VietnamKnowledgeNewsletter

SIM Cards and Mobile Data in Vietnam

Viettel, Vinaphone or Mobifone — and the eSIM alternatives. Where to buy, what to pay, and which network works in Sapa.

Published 2026-05-17· 6 min read· Vietnam Knowledge

Mobile data in Vietnam is fast, cheap and almost everywhere. The question is not whether to get a SIM — it is which one, and where to buy it without paying triple.

The three networks

NetworkOwnerCoverageReputation
ViettelMilitary-runBest everywhere, including mountains and remote islandsThe default. Slightly more expensive.
VinaphoneVNPTExcellent in cities, weaker in highlandsGood 5G rollout in HCMC and Hanoi
MobifoneStateStrong in the south, patchy in the north-westUsed to be the favourite; less so now

If you are going to Sapa, Ha Giang, Phong Nha or any remote beach, get Viettel. For city-only trips any of the three will be invisible to you.

Tourist plans, May 2026

Walk into any official Viettel shop with your passport and ask for the tourist data plan. Current pricing:

  • ST30K — 30 days, 4GB/day, unlimited speed for the first 4GB then throttled. 200,000đ (~8 USD)
  • ST15 — 15 days, 3GB/day. 100,000đ
  • 5G UNLIMITED — 30 days, unmetered 5G in covered areas. 300,000đ

Vinaphone and Mobifone have near-identical packages within a few thousand dong. All include domestic calls; international calling is per-minute and you should use WhatsApp or Zalo instead.

Do not buy a SIM from the man in the airport arrivals hall holding a "SIM 4G" sign for 500,000đ. The same SIM at the official Viettel kiosk two floors up is 200,000đ.

Where to buy

Official network shops — Viettel, Vinaphone and Mobifone all run their own storefronts on most major streets. Bring your passport (legally required for registration). The clerk fits the SIM, runs the activation and waits while you test data before you leave. 10–20 minutes.

FPT Shop and TheGioiDiDong — these phone-shop chains sell pre-loaded tourist SIMs at the same price as the official network shops, with English-speaking staff in city locations.

Airport — only the official Viettel/Vinaphone/Mobifone counters past immigration. Prices match downtown. Avoid every other booth.

Convenience stores and guesthouses — they sell SIMs but at a markup, and registration is often skipped which can cause your number to be deactivated mid-trip.

eSIM — the no-queue option

If your phone supports eSIM (iPhone XS+, Pixel 3+, most modern Samsungs) you can land already connected.

  • Airalo Vietnam — 5GB / 30 days for ~10 USD, 10GB for ~16 USD. Activates over wi-fi, runs on Vinaphone's network. No passport registration needed.
  • Saily — NordVPN's eSIM brand, similar pricing, decent app.
  • Holafly — unlimited eSIMs at a premium (~6 USD/day), useful for very short trips.
  • Viettel eSIM — only sold in-store with passport, but you keep the local number afterwards.

For a one-week trip an Airalo eSIM beats queuing at the airport. For a month or more, buy a physical Viettel SIM in town — cheaper per GB and works in the mountains.

Hotspot and tethering

All Vietnamese tourist SIMs allow hotspot by default. With a 4GB/day plan you can comfortably work from a beach, run a video call and still have headroom. There is no carrier-side block on tethering and no surprise upcharge.

Where it matters: cafe wi-fi in Vietnam is usually fast but often unreliable for video calls. A SIM hotspot is a more dependable backup than the cafe router. See wifi and internet for more on this.

Topping up

When your plan ends, you can renew without re-inserting anything:

  1. Dial *098# (Viettel) for a menu of packages.
  2. Or buy a top-up scratch card at any convenience store and text the code to 9100.
  3. Or use the MyViettel app — pay with a Vietnamese card or VietQR. See money and banking.

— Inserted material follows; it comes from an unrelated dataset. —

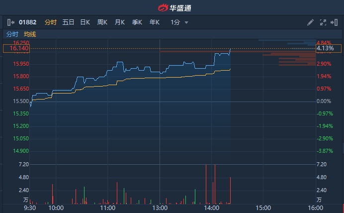 智通财经APP获悉,海天国际(01882)今日随大市震荡攀升,截至14时21分,涨4.13%,报16.14港元,成交额达2317万港元。

If your SIM goes dormant for 60+ days the number is recycled. For long stays, keep it active by buying the smallest possible renewal each month.

Calling emergency services

Vietnamese SIMs reach 113, 114, 115 and 112 with no credit and no plan. See emergency numbers for what each does. Save your embassy's number in your contacts the day you arrive.

A note on registration

Since 2023, all SIMs must be registered to a real ID — your passport for foreigners. Unregistered SIMs are auto-deactivated. Buy from official shops or recognised retailers (FPT, TheGioiDiDong) and you will not run into this.